# Oquirrh is 2!



## Oquirrh the V (Jun 24, 2011)

Oquirrh is two today! He's getting a Cheddar Turkey cupcake with Sweet Potato frosting, a play date with his Vizsla friends and a skineeez toy. Love this boy to pieces!


----------



## mswhipple (Mar 7, 2011)

Willie and I are sending HAPPY SECOND BIRTHDAY WISHES to Oquirrh the V!! ;D ;D

The cupcake and play date sound like a perfect way to celebrate!!

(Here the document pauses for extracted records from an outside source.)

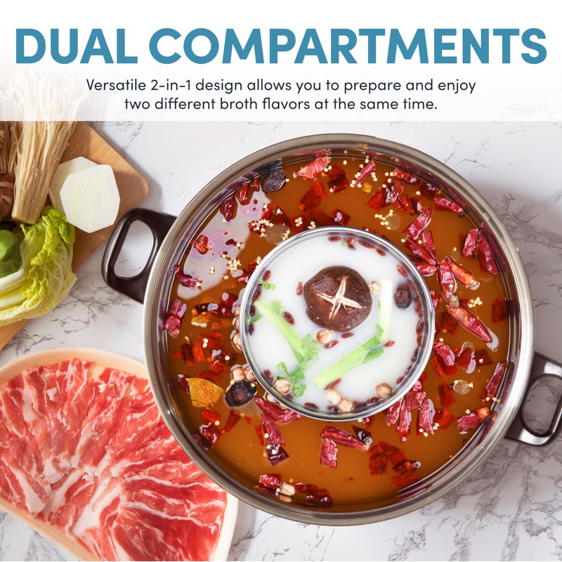 • Dual Compartments – The dual-pot bowl allows for two different types of soup to be cooked simultaneously. Do you have a family of heat-chasers, but prefer a nice, mild soup? This is the perfect solution. The revolutionary design allows both to be heated without fear of one spilling into the other.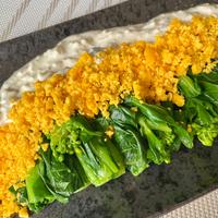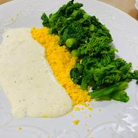 菜の花の味のクセが黄身とソースでマイルドになる。黄身のパサっとした食感もいいアクセント!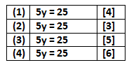| $y$ | $1$ | $2$ | $3$ | $4$ | $5$ | $6$ |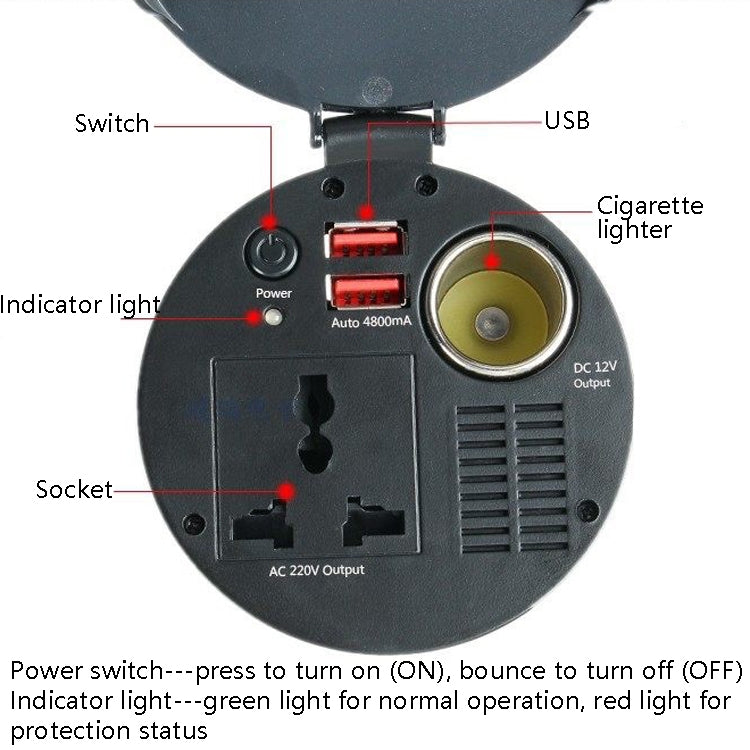 150W 12V To 220V Car Inverter Dual USB 2.1A Power Converter Booster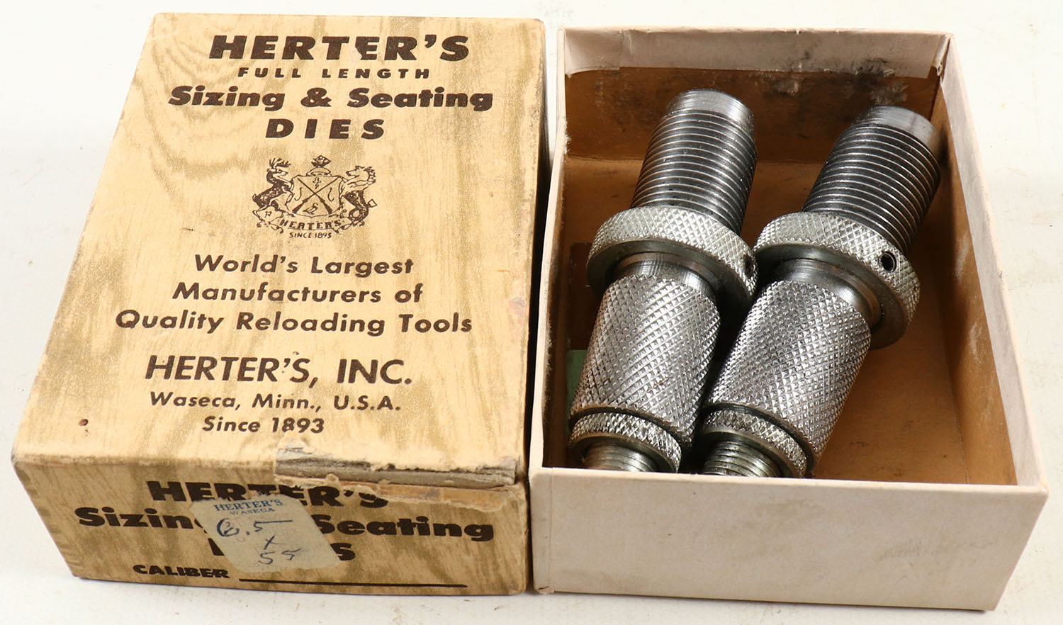 Herters Reloading dies, .6.5x55 cal., in original box. Grade: Excellent - Value: 4 to 40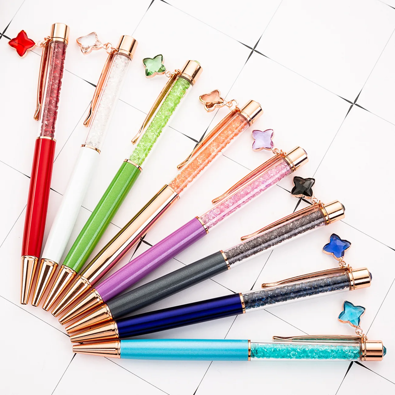 Bulk Cheapest Manufacturers Crystal Metal Ballpoint Pen With Four-Leaf Clover Pendant Custom Logo for Gift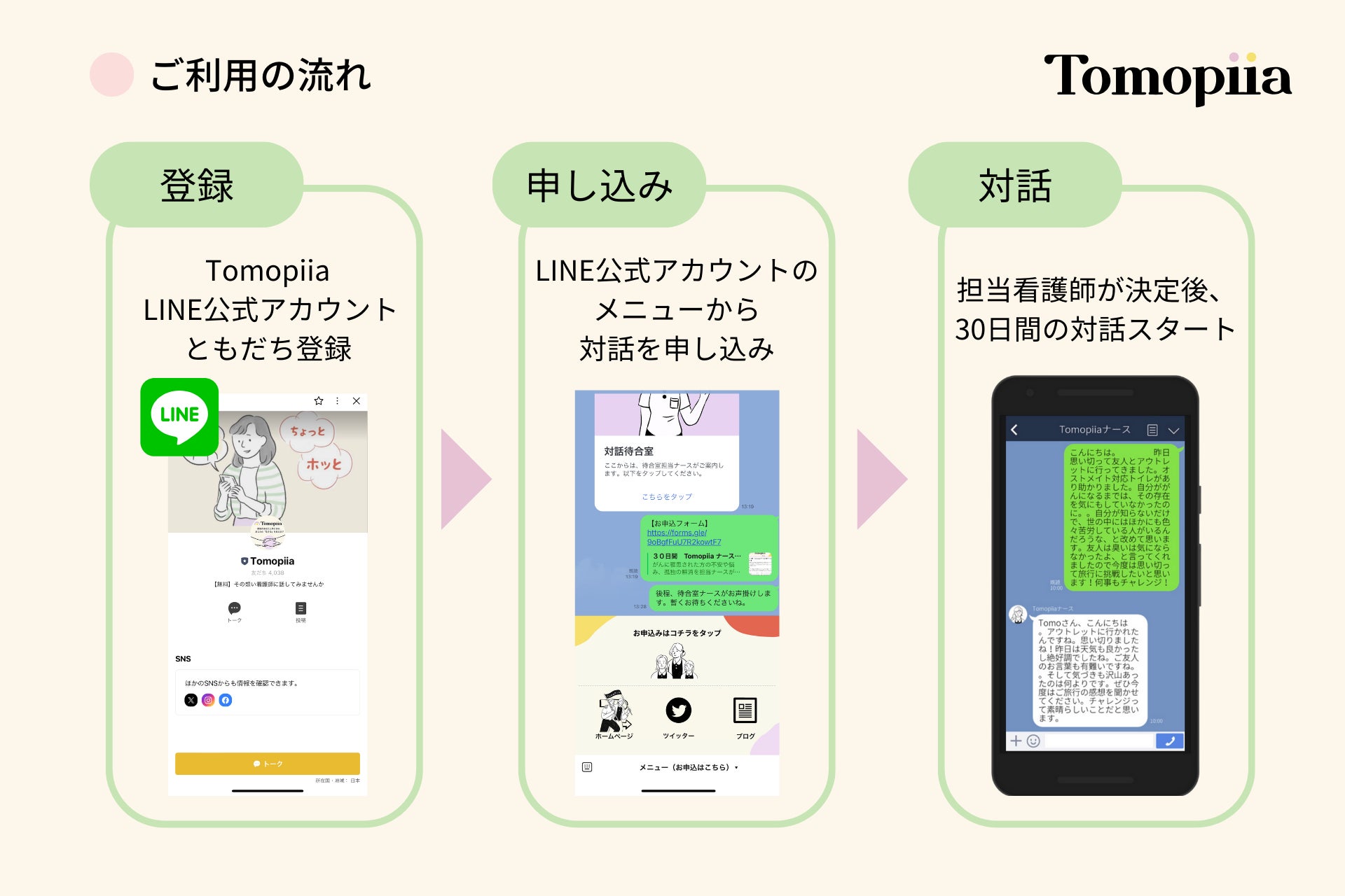 まず、下記のQRコードもしくはURLより、Tomopiia公式LINEアカウントのともだち登録をしていただき、公式アカウント内の専用フォームからお申し込みいただきます。公式アカウントは事務局が担当看護師を決定するまでの待合室になっており、看護師や事務局からのメッセージを配信しております。担当が決定しましたら双方の対話がスタートいたします。一定期間(30日間)の対話体験をお楽しみください。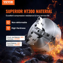VEVOR 3-jaw lathe chuck made of high strength ht300 material, 20cr steel chuck, and 40cr steel scroll.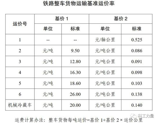那么中国铁路货运的价格为几何呢?2017年12月14日国家发改委发布了《国家发展改革委关于深化铁路货运价格市场化改革等有关问题的通知》,通知根据国务院要求扩大铁路货运价格市场调节范围,对12个货物品类运输价格实行市场调节,并公布了市场指导价。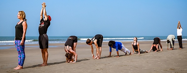 Приветствие солнцу — это последовательность около двенадцати йога асаны соединяются прыжками или растяжками, несколько различающимися между школами. В йоге Айенгара основная последовательность такова. Тадасана, Урдхва хастасана, Уттанасана с поднятой головой, Адхо мукха сванасана (внизу собака), Урдхва мукха сванасана (вверху собака), Чатуранга дандасана Затем переворачиваем последовательность, чтобы вернуться в Тадасану; в последовательность можно вставить другие позы[9].
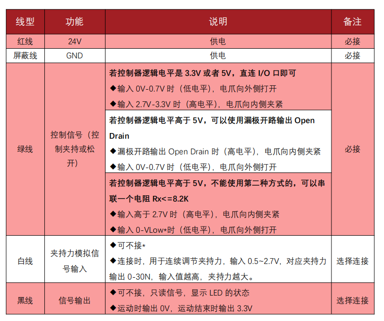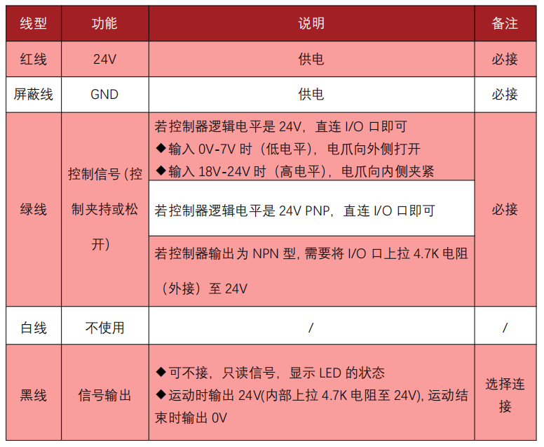 慧靈Z-EFG-F電爪線序說(shuō)明 (PNP)

p.s. What a handsome boy!!


----------



## Green (Oct 5, 2012)

Happy Birthday Oquirrh the V!


----------



## dmak (Jul 25, 2012)

Kauzy and I wish you a happy bday Oquirrh. Looking forward to meeting you guys in a few monthes


----------



## GarysApollo (Nov 27, 2012)

Old man!


----------



## KB87 (Jan 30, 2012)

Happy Birthday, Oquirrh!!


----------



## hobbsy1010 (Jun 4, 2011)

Happy Birthday Oquirrh

No excuses now officially an adult........... ;D

The Hobbsy's


----------



## SkyyMax (Apr 5, 2012)

Happy Birthday Oquirrh!!!


----------



## NeverGiveUpRAC (Aug 27, 2012)

Sounds like a great day!! Happy Birthday Oquirrh! Btw, LOVE that scarf/bandana!!! <3


----------



## Darcy1311 (May 27, 2012)

Happy 2nd birthday Oquirrh, Darcy says, have a fantastic day.......... :-*


----------



## Oquirrh the V (Jun 24, 2011)

Thank you everyone for the birthday wishes! We ended our day with a fun play date with 4 female Vizslas; he's a lucky boy!


----------



## OttosMama (Oct 27, 2011)

Happy birthday Oq! Wow - time flies!


----------